Understanding how to stage an intervention is crucial when you’re close with someone addicted to drugs or alcohol. While you might feel helpless as you watch them continue with substance abuse, this feeling of helplessness will dissipate upon learning how to do an intervention.
You’re nervous about your loved one’s addiction, and you want them to get the help they need to get better. You want them to find the best transition of themselves. Although you’re feeling helpless now, after reading this article, you’ll know how you can assist your loved one in bringing about the crucial change they so desperately need.
Interventions are your way to be proactive in your loved one’s addiction. With interventions resulting in over 90 percent of people finding help, they’re quite beneficial. In this article, we’ll discuss how to proceed with an intervention to boost your chances of getting your loved one the treatment they need to heal.
Your call could save a life.
Choosing Who Will Attend The Intervention
As you conduct an intervention, those in attendance must know the individual you’re trying to persuade to get treatment. These should be people who care about the person’s well-being. People lacking a positive relationship with the addicted individual should not come to the intervention. Personal problems and fixing relationships are not part of interventions, meaning they should be avoided.

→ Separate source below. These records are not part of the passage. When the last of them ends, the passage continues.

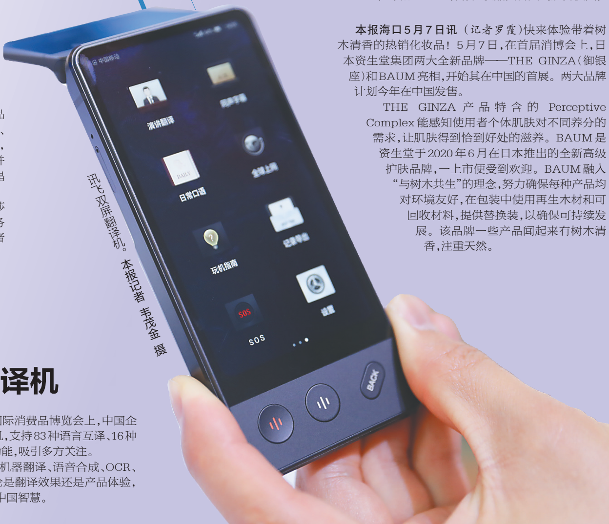
讯飞双屏翻译机。本报记者 李茂金 摄

本报海口5月7日讯（记者罗霞）快来体验带着树木清香的热销化妆品！5月7日，在首届消博会上，日本资生堂集团两大全新品牌——THE GINZA（御银座）和BAUM亮相，开始其在中国的首展。两大品牌计划今年在中国发售。 THE GINZA 产品 特含的 Perceptive Complex 能感知使用者个体肌肤对不同养分的需求，让肌肤得到恰到好处的滋养。BAUM是资生堂于2020年6月在日本推出的全新高级护肤品牌，一上市便受到欢迎。BAUM融入“与树木共生”的理念，努力确保每款产品均对环境友好，在包装中使用再生木材和可回收材料，提供替换装，以确保可持续发展。该品牌一些产品闻起来有树木清香，注重天然。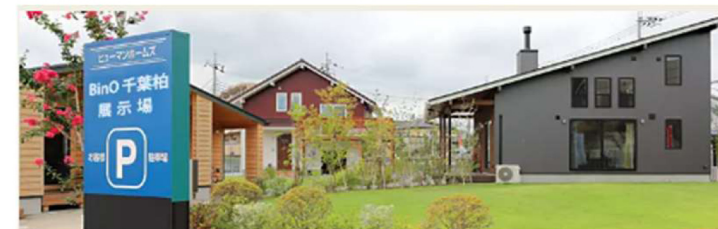
「BinO千葉柏展示場」住所: 柏市篠籠田980-1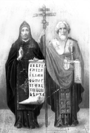
И ум святому просвещала, Она б и сердце очищала.

Кого ты в жены выбираешь?" Девиц Кирилл наш оглядел. И вдруг в лице одной узрел И доброту сердечную, И мудрость бесконечную. Так выбрал он свой путь с Софией, Чтоб Божья благодать отныне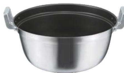
⑤EBM モリブデンⅡ プラス 料理鍋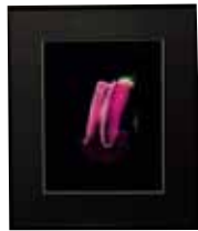
写真 Photograph 私は何でしょう？ 和田 キミ子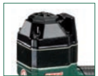
Versione A - A model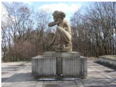
Původní umístění, foto:Tomáš Hladík 2007.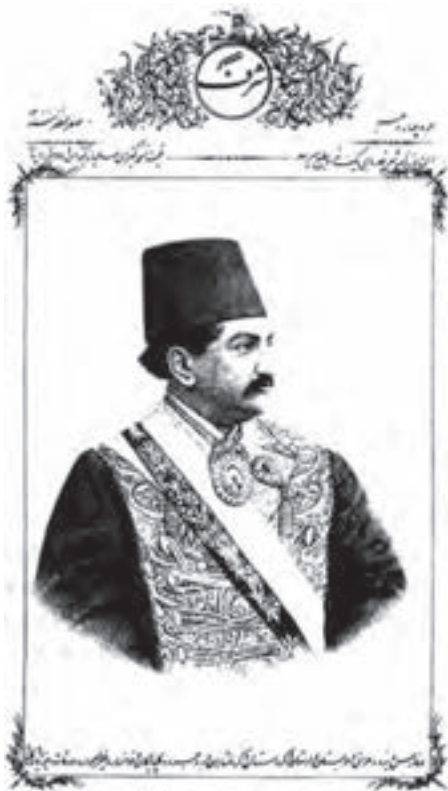
تصویر ۲۷- چهره ابوتراب غفاری - صفحه اول روزنامه شرف - لیتوگرافی - ۱۳۰۱ هجری. به خط نستعلیق با استفاده از حاشیه‌های تزئینی.

در حدود هفده سال بعد (در سال ۱۲۵۰ قمری) با ورود دستگاه‌های چاپ سنگی (لیتوگرافی ۱ )، برای مدت نزدیک به ربع قرن این شیوه چاپی مورد استفاده قرار گرفت. نخستین چاپخانه مجهز به دستگاه‌های لیتوگرافی نیز نخستین بار در تبریز دایر شد و نخستین کتابی که چاپ کرد، قرآن بود. همچنین در این دوره نخستین مطبوعات ایرانی به روش لیتوگرافی چاپ و منتشر شدند.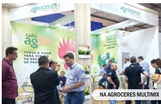
NA AGROCERES MULTIMIX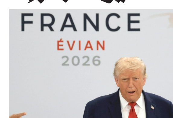
كلمة : الرئيس الأمريكي يلقي كلمة في اجتماع إيفيان

وكانت الحكومة الإيرانية قد أعلنت، رفع الحصار الأمريكي المفروض على الموانئ الإيرانية منذ نحو شهرين، وذلك قبيل توقيع الاتفاق مع الولايات المتحدة. ومن المقرر أن توقع الولايات المتحدة وإيران يوم غد الجمعة في سويسرا، مذكرة تفاهم تهدف إلى إنهاء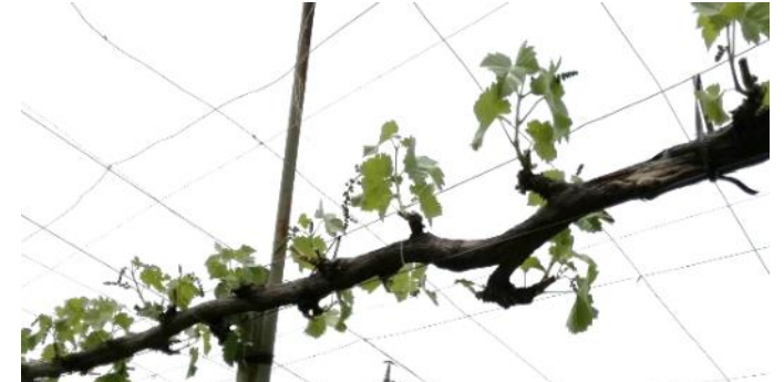
↑ シャインマスカット短梢栽培展葉5～6枚目

The intervention should motivate and persuade the person to seek treatment. With this in mind, successful interventions engage the entire family with recovery. Ideally, the whole family will take part in addressing the causes of their loved one’s addiction, developing long-term solutions to help everyone make progress.
Making Sure The Time Is Right For The Intervention
Ensuring it’s the right time to talk is helpful. With this in mind, it’s best to talk to your loved one when they’re sober. If this isn’t possible, have the intervention when they’re as close to a sober state of mind as possible. Discussing addiction when someone is high isn’t the best idea because substances can make it difficult to reach the person.

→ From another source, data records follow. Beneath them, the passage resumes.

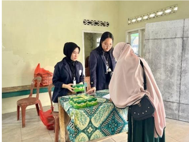
Gambar 2.13 lokakarya di Lokakarya di Balai

Dilakukan bertujuan untuk memaparkan program kerja yang akan dilaksanakan selama PKPM di Desa Purworejo, Negeri Katon, Pesawaran, yang terdapat pada gambar 2.13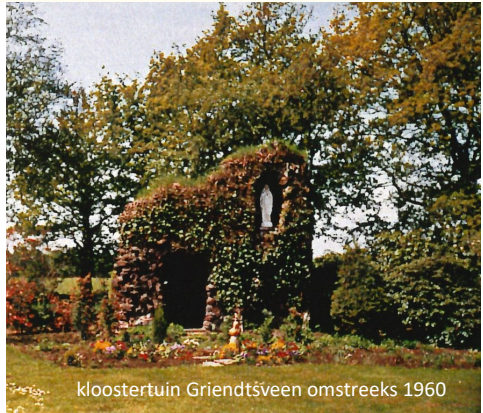
kloostertuin Griendtsveen omstreeks 1960

Qua organisatie maakt de werkgroep Kloostertuin onderdeel uit van de Dorpsvereniging Griendtsveen.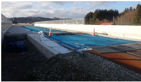
津谷こ線橋(酒田方向)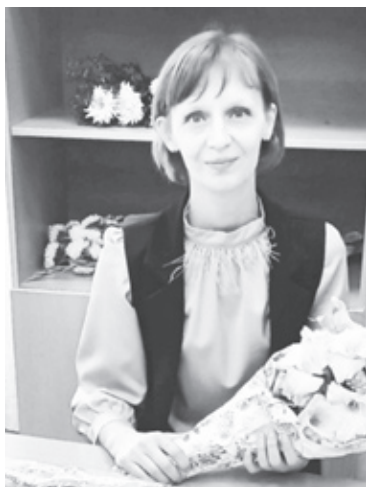
|| Фото из личного архива Ирины Пугачёвой

Помимо уроков Ирина активно занималась спортом, участвовала в художественной самодеятельности и обще-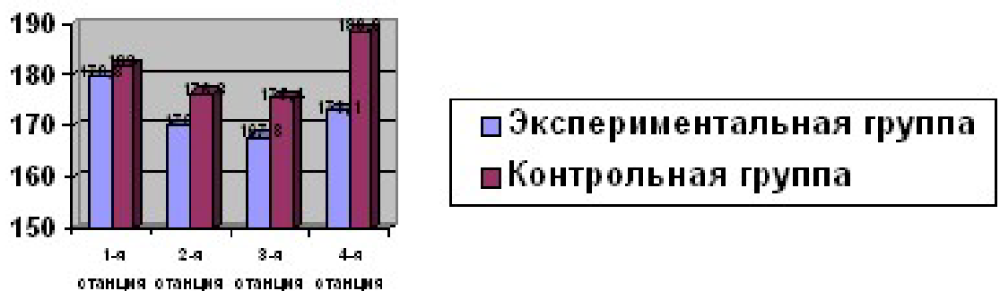
Рисунок 5 - ЧСС спортсменов во время тестирования на функциональную подготовку

Столбиковая диаграмма (см. рисунок 5): это последовательность столбцов, каждый из которых опирается на один разрядный интервал, а высота его отражает число случаев или частоту в этом разряде. Каждая ось должна быть обозначена.

Knowing how to stage an intervention for an alcoholic means understanding their ability to act out when confronted with their problem. This is especially true when intoxicated. You’ll find it easier to communicate with someone effectively — whether they’re an alcoholic or addicted to drugs — when they’re sober or close to this state of mind.

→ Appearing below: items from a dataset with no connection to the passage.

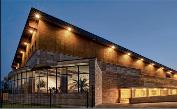
2010 Átadták a Sárkány Wellness és Gyógyfürdőt 2010 Befejeződött Kemping teljes átépítése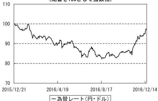
為替市況の推移 （期首を100として指数化）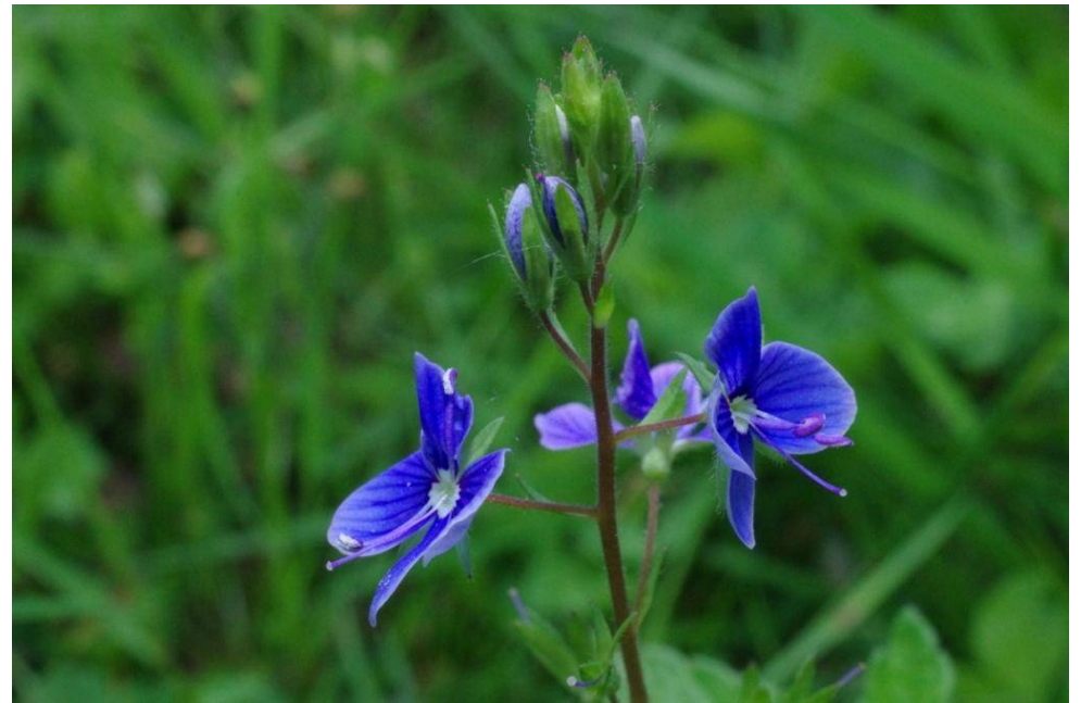
Haideburg, TK 4239/1/2/2, 51°47'16"N, 12°14'33"E, 17.6.13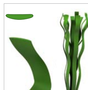
Faserdicke: ca. 100 µm

If you’re wondering how to stage an intervention for drug addiction, it’s ideal to choose the right time. For example, someone who has recently been arrested on drug possession charges might be more willing to talk about how they can avoid these kinds of issues. Some sort of problem occurring in the person’s life can reveal a moment of vulnerability that you can work with during the intervention.
Conducting The Intervention In A Private, Neutral Space
While you might be considering hosting the intervention at home, better options are available. Even though your loved one should feel comfortable, too much comfort can be an issue. For example, your loved one might retreat to their bedroom or a bathroom immediately upon starting the intervention. With this being the case, the intervention might be over before it starts.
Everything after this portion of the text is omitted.